Article 46 of the Gdpr provides that data can also be transferred through other instruments including binding instruments between public authorities, codes of conduct, certification mechanisms. These have not been analysed in the Schrems II judgment: therefore in principle they can be used. Nevertheless, given the broad scope of the judgment, the Edpb has stated that it is studying the consequences of the judgment on these instruments as well.
Can a company rely on one of the derogations of art. 49 GDPR to transfer data to the US?
Art. 49 of the Gdpr establishes that when there is no adequacy agreement or it is not possible to apply the provisions of art. 46, data can be transferred under certain specific conditions (consent, performance of a contract, public interest reasons, judicial defense, vital interests of the person concerned, public register).
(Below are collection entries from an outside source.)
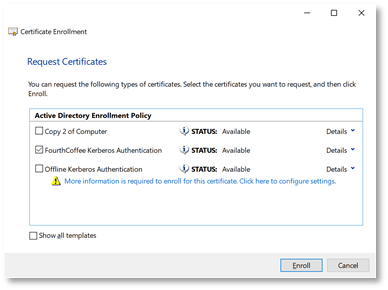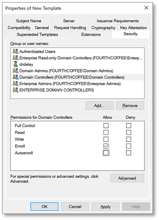So, if you are happy with the SANs that the Kerberos Authentication template provides, and you do not have Server Authentication certificates on any of your domain controllers. Then congratulations, you get to use the easiest option. The easiest option is deploying the Kerberos Authentication certificate template with Autoenrollment.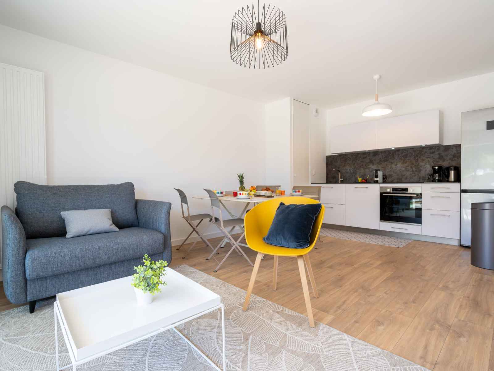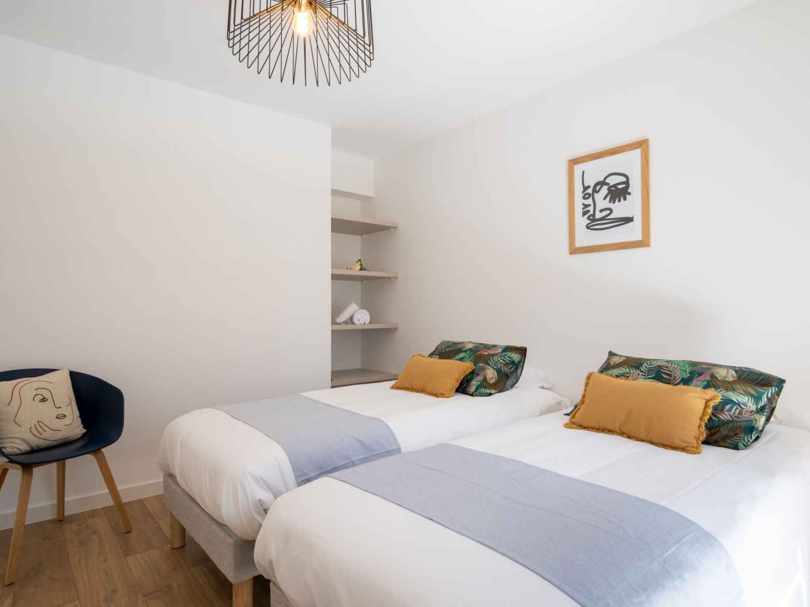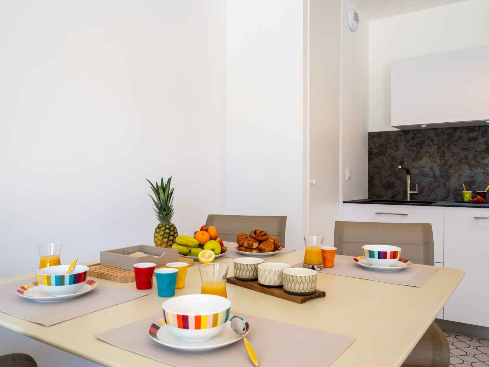2-room apartment 48 m2, on the ground floor, south facing position. spacious, very comfortable and modern furnishings: living/dining room with 1 sofabed (80 cm, length 190 cm), tv (flat screen). exit to the terrace, to the patio. 1 room with 2 beds (90 cm, length 200 cm). open kitchen (oven, dishwasher, 3 induction hot plates, toaster, kettle,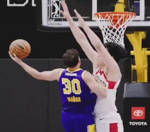 第二节比赛,混音有意识地给杨瀚森安排专属的战术,队友狄龙·琼斯也会招呼杨瀚森落到低位,给他喂球。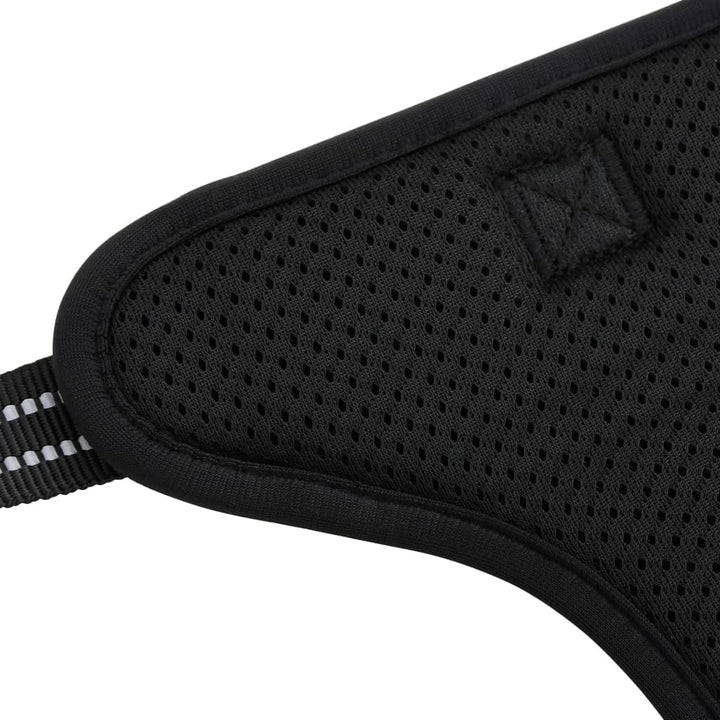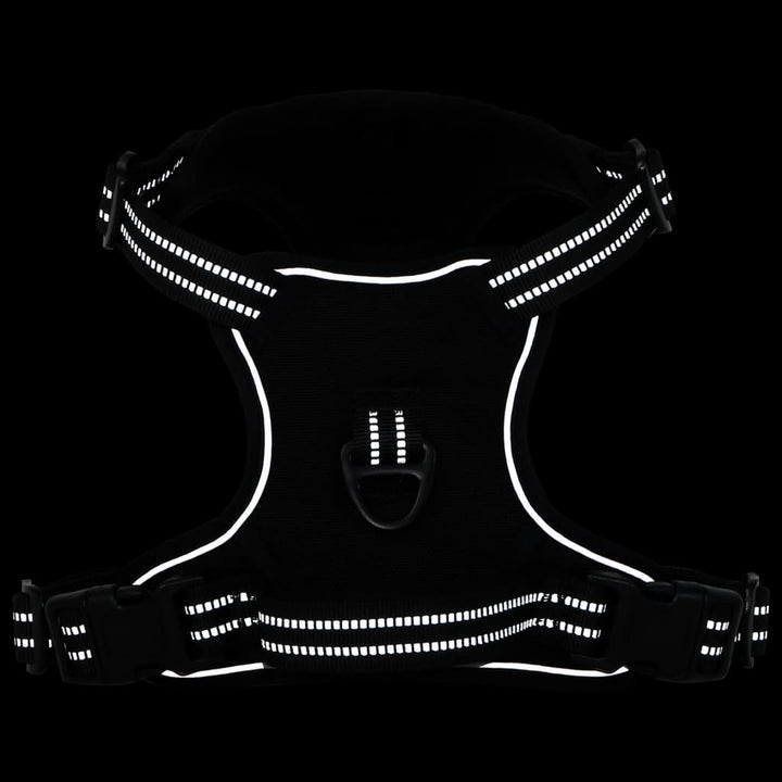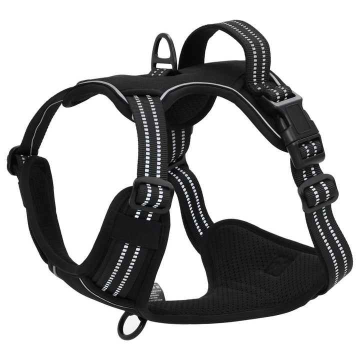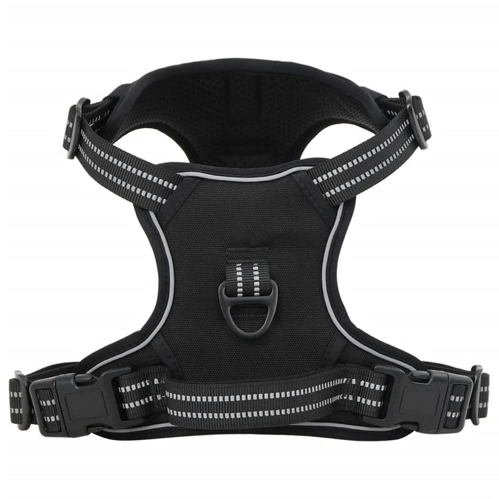 Say goodbye to pulling and hello to better control with our easy-to-use dog harness. Give your furry friend the best walking experience! Easy to put on and take off: This dog harness is easy to put on and take off with its 2 quick-release buckles. Simply slide the harness over your dog's head, fasten the buckles, adjust the straps, and you're good to go!Fully adjustable: This dog harness has 4 adjustable straps for a perfect fit. Customise the 2 neck and 2 chest straps for comfort and room to grow! Your dog will stay secure without slipping out or feeling choked, thanks to the even distribution of pulling force across their body.No Pull & No Choke: This dog harness has two leash rings for safer dog walks. Use the front clip to stop pulling during training, while the back ring is great for everyday walks, jogging, hiking, and more.Safe and comfortable: This dog harness is made of polyester and padded with a soft cushion to protect your dog's skin. Also, the breathable air mesh keeps your dog cool and comfy all day.Reflective strips for high visibility: This dog harness features reflective strips on its surface, ensuring a safe walk both day and night. Good to know:This product is suitable for machine and hand washing, for best results and to extend its lifespan, hand washing is recommended.
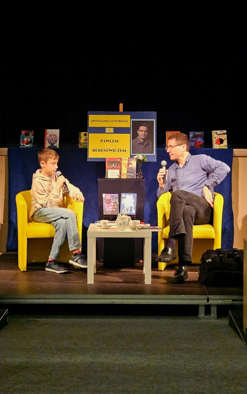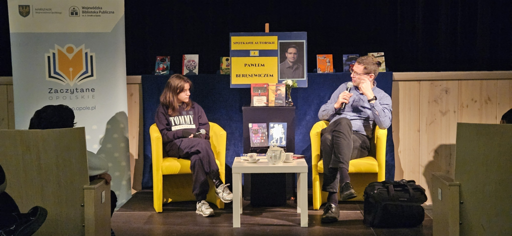 24 października 2025 roku w ramach projektu kulturalnego "Zaczytane Opolskie" mieliśmy przyjemność gościć Pawła Beręsewicza, znanego autora książek dla dzieci i młodzieży i laureata wielu prestiżowych nagród literackich. W wydarzeniu uczestniczyli uczniowie klas piątych i szóstych, którzy przy herbatce rozmawiali z pisarzem o jego twórczości, w tym o młodzieżowych horrorach i kryminałach.

The Edpb declares that it is possible to apply Article 49 provided that the requirements contained in the Guidelines 2/2018 on derogations of Article 49 under Regulation 2016/679 are strictly adhered to.
Can a company continue to use Standard Contract Clauses or Binding corporates rules to transfer data to third countries other than the US?
The Edpb specifies that the principles of the Schrems judgment apply to all transfers outside the EU, so it will be up to the EU company transferring the data and the non-EU company receiving the data to assess whether the legislation of the third country guarantees the same level of protection as the EU, in order to determine whether the guarantees provided by the CSCs or BCRs can be respected in the country where the data is transferred.
If not, it will be necessary to assess whether supplementary measures can be provided. Contact should then be made with the data importer to verify the contents of the legislation in their country and make an assessment. If the level is not adequate, the company should terminate the transfer or continue it after informing the SA. The Edpb also specifies that privacy authorities at international level will collaborate in order to avoid divergent decisions.
What are the supplementary measures that companies can use?
The supplementary measures to be introduced should be decided on a case-by-case basis, taking into account all the circumstances of the transfer and following the assessment of the legislation of the third country. While acknowledging that it is the primary responsibility of the data exporter and data importer to make this assessment and provide the necessary additional measures, the Edpb is currently analyzing the Court's judgment to determine the type of measures that could be provided in addition to SCCs or BCRs, whether contractual, technical or organizational measures. In essence, the Edpb is further examining what these additional measures could consist of and will provide more guidance.
If the company uses a Data Processor, how does the company know if the Data Processor transfers data to the USA?
In this case the Edpb suggests to carefully check the contents of the contracts stipulated with the Processors under art. 28 Gdpr to verify where the data actually go. It is also necessary to identify any sub-processors and verify whether they have been duly authorized in the contracts. On this point, the Edpb draws attention to the fact that a wide variety of IT solutions may involve the transfer of personal data to a third country (for example, for storage or maintenance purposes).
In the event that the contract pursuant to art. 28 Gdpr provides for the transfer to the U.S. or another third country, what should the company do?
If the data is transferred to the United States and no additional measures can be provided to ensure a level of protection substantially equivalent to that guaranteed in the EU, nor can the derogations provided for in Article 49 Gdpr be applied, the only solution is to negotiate an amendment or additional clause to the contract to prohibit transfers to the United States. Similarly, if data are transferred to another third country, the adequacy of the third country's level of protection must be verified and, if that level is not adequate, the transfer must be terminated.